Turns out reality is more complex, and most reliable studies show it's not true. Scandinavian countries (and, to a lesser extent, other European countries) do especially well in combating inter-generational poverty, especially in comparison to the U.S. A few recent studies, summarized by U.S. labor lawyer Nathan Newman point this out:
Contrary to many Americans' self-image, there is less social mobility from generation to generation in the United States than in supposedly class-bound Europe-- and the European states like Sweden and Norway with the highest welfare spending also had the most people born in poverty becoming middle class when they grew up [quoting a recent article ($) in the Economist]:
Around three-quarters of sons born into the poorest fifth of the population in Nordic countries in the late 1950s had moved out of that category by the time they were in their early 40s. In contrast, only just over half of American men born at the bottom later moved up. This is another respect in which Britain is more like the Nordics than like America: some 70% of its poorest sons escaped from poverty within a generation...

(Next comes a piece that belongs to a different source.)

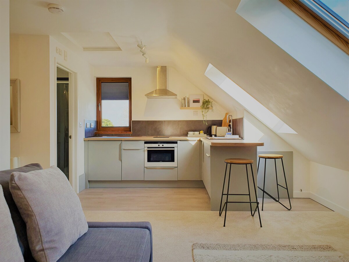 The Studio is open plan with a corner snug area with a double bed, a lounge area with corner sofa which can be made into a bed and a kitchen. A separate shower room with WC and Washer/Dryer for your convenance.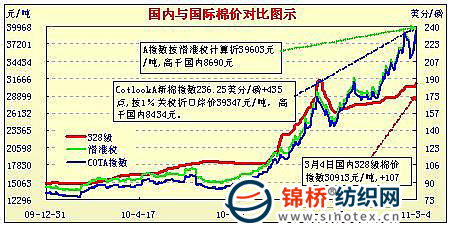 錦橋紡織網(wǎng)—資訊頻道> 棉花信息> cotlook>正文 國內(nèi)外棉價對比圖表(2.14-3.4)

The obvious explanation for greater mobility in the Nordic countries is their tax and welfare systems, which (especially when compared with America's) deliberately try to help the children of the poor to do better than their parents...to the extent that redistribution is an explanation, it implies the opposite: that social mobility is a product of high public spending, a bit like the low incidence of poverty or longer life expectancy (on both of which Europe also does better than America).
The other advantage for the poor in Nordic countries seems to be a better education system that provides a more equal education for the poor compared to the United States.
The Institute for the Future of Labor study that forms the basis for Newman's post and the Economist article concludes, on p. 27: "Indeed, it is very noticeable that while for all of the other countries persistence is particularly high in the upper tails of the distribution, in the U.S. this is reversed - with a particularly high likelihood that sons of the poorest fathers in the U.S. will remain in the lowest earnings quintile."